> **Task directions**
Without including any pictures, reproduce all the lines below word for word.
Start of Collected material
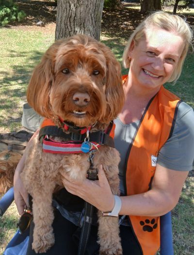 Jan and 'Sophie' help children at St John Vianney's Primary School, Parkdale.
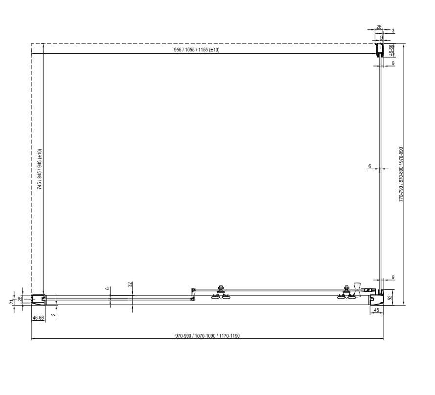 Két BLPS fix fal és zuhanyajtó kombinációjával "U" alakú zuhanyzót hozhat létre. A BLNPS toldóprofil használatával a terméket 20 mm-rel szélesítheti.
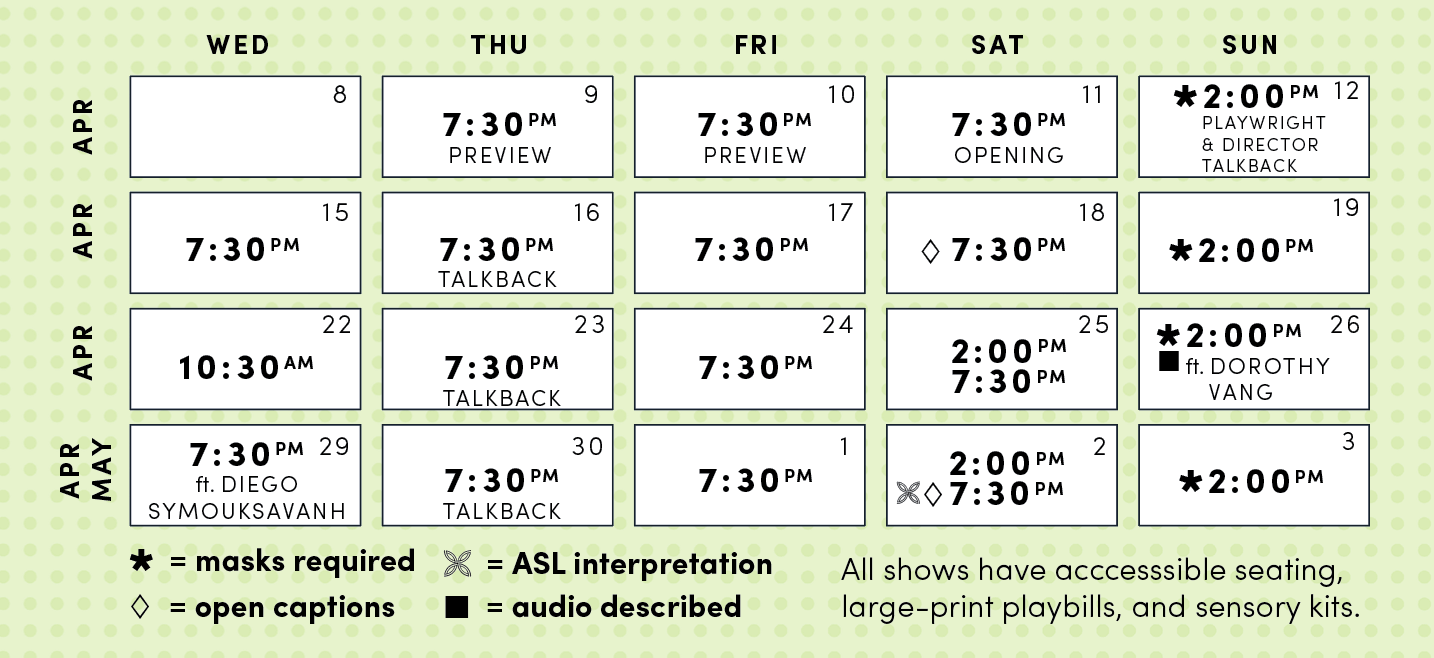 Special performances: Apr 26 ft. Dorothy Vang, Apr 29 ft. Diego Symouksavanh
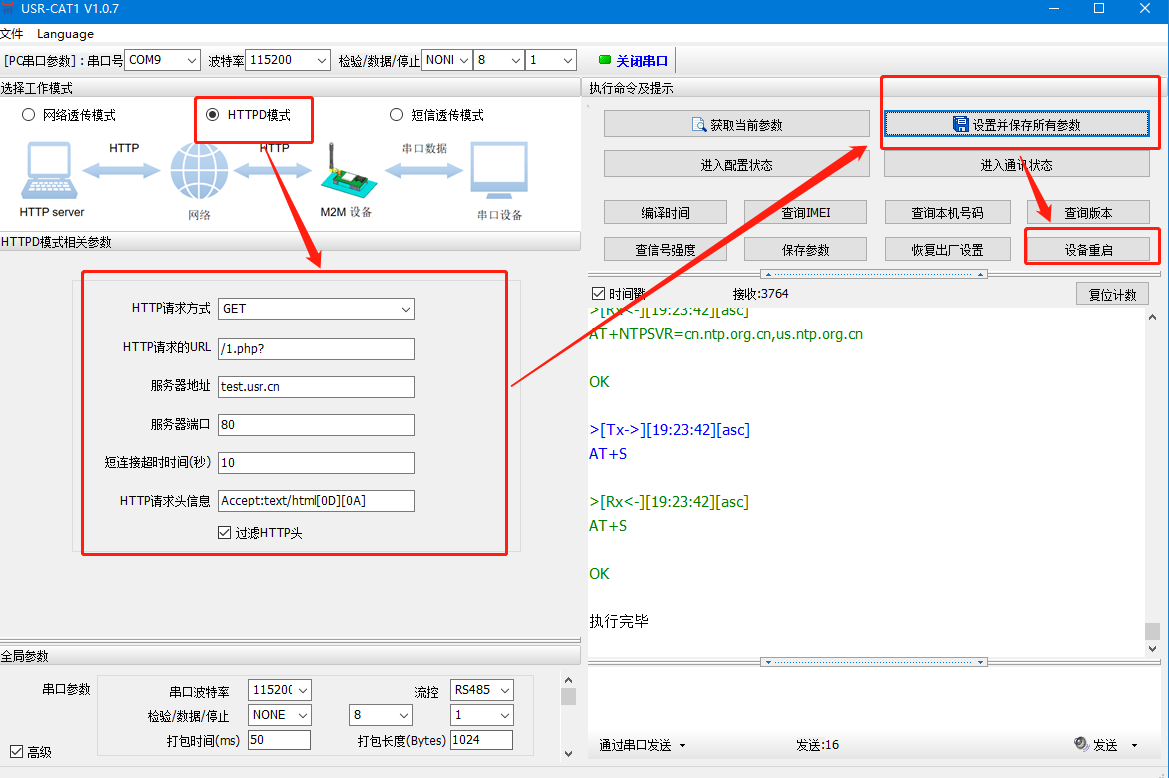 USR-DR154/152的http GET模式测试通讯和使用案例
End of Collected material
> **Result of the exercise**
 Jan and 'Sophie' help children at St John Vianney's Primary School, Parkdale.
 Két BLPS fix fal és zuhanyajtó kombinációjával "U" alakú zuhanyzót hozhat létre. A BLNPS toldóprofil használatával a terméket 20 mm-rel szélesítheti.
 Special performances: Apr 26 ft. Dorothy Vang, Apr 29 ft. Diego Symouksavanh
 USR-DR154/152的http GET模式测试通讯和使用案例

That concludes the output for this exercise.